Can a persistent cough be a sign of tuberculosis in Pakistan?
Yes, and it should be actively considered. Pakistan has over 500,000 new TB cases per year according to the WHO, and a cough lasting more than two weeks with night sweats, weight loss, or blood-tinged sputum warrants a sputum test and chest X-ray to rule out TB. Free testing is available at government TB clinics nationwide.
Can blood pressure tablets cause a persistent cough?
Yes. ACE inhibitor medications, a common class of antihypertensives, cause a dry persistent cough in roughly 10 to 20% of users. The cough typically starts within weeks to months of beginning the medicine and resolves when the drug is switched. A doctor can prescribe an alternative that doesn’t cause this side effect.

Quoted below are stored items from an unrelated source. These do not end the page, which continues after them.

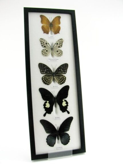 5 wunderschöne echte Schmetterlinge im Rahmen als Wandbild – A-05-h-07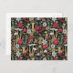 Diese Postkarte hat rote, grüne und bräunliche Pilze und Blume auf schwarzem Hintergrund.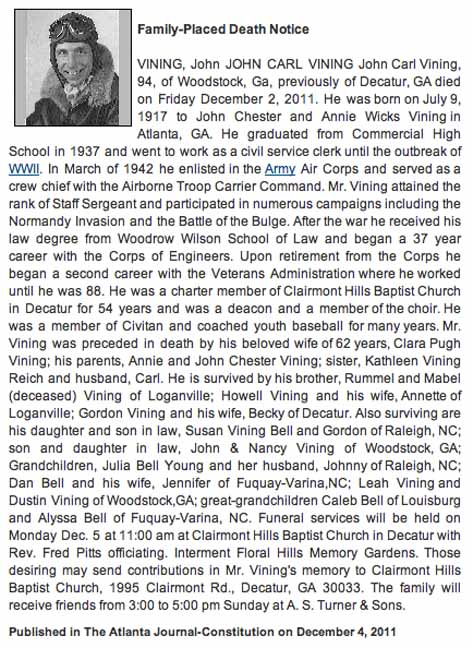 Obituary for John Carl Vining: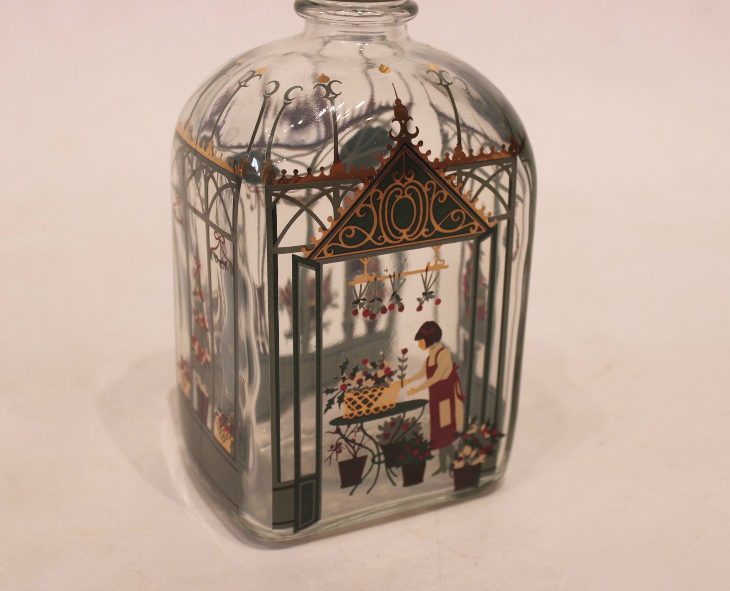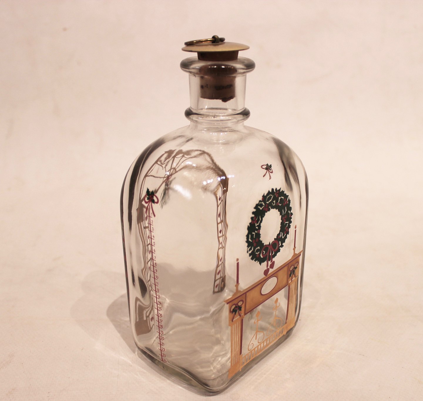 SoldA pair of christmas decanters, beautifully decorated , designed by Jette Frölich for Holmegaard in 1981. The decanters are in great vintage condition and we have more in stock.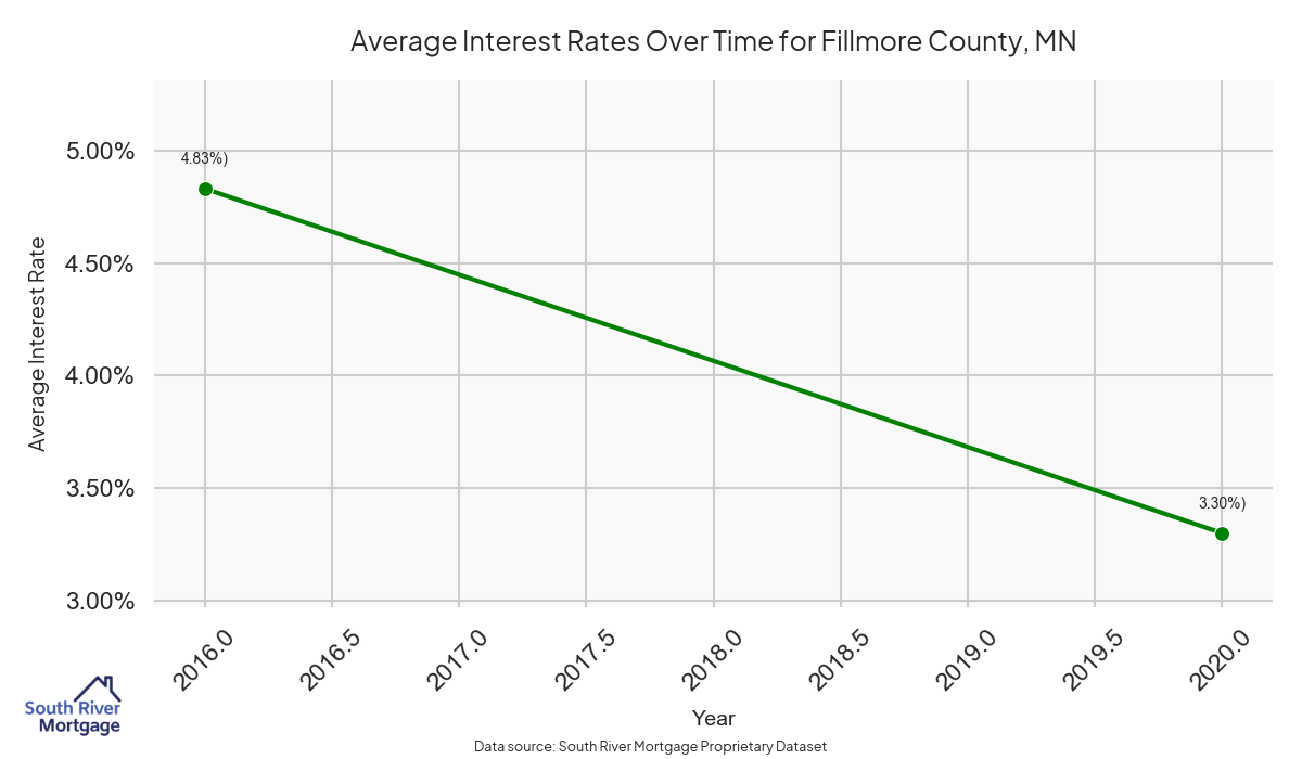 There are approximately 2 active reverse mortgage loans in Fillmore County. The average interest rate in Fillmore County is 7.76% for reverse mortgages. The average maximum claim amount (the lesser of the appraisal or lending limit), among reverse mortgage borrowers, in Fillmore County was $75,000.00 in 2024.

What is the difference between an acute cough and a chronic cough?
An acute cough lasts under three weeks and is usually caused by a cold or flu. A chronic cough lasts eight weeks or more in adults and is almost always due to an underlying condition such as asthma, GERD, or postnasal drip rather than an active infection.
When should I see a specialist for a persistent cough?
See a specialist if your cough has not improved after three weeks, if it started after a new medication, or if you have any red-flag symptoms such as blood in sputum, weight loss, or breathlessness. A general physician is a good first step; they may then refer you to a chest specialist or gastroenterologist depending on the likely cause.
Conclusion
A persistent cough is one of the most mismanaged symptoms in Pakistan, largely because it gets automatically treated as a chest infection. The reality is that asthma, acid reflux, postnasal drip, blood pressure tablets, and TB are all common causes that require completely different treatments. If a cough has lasted more than three weeks, or if any red-flag symptoms are present, a proper diagnosis is the only way forward. Antibiotics and cough syrups are not a substitute for finding out what is actually wrong.
This article is for informational purposes only and does not constitute medical advice. Please consult a qualified healthcare professional for diagnosis and treatment.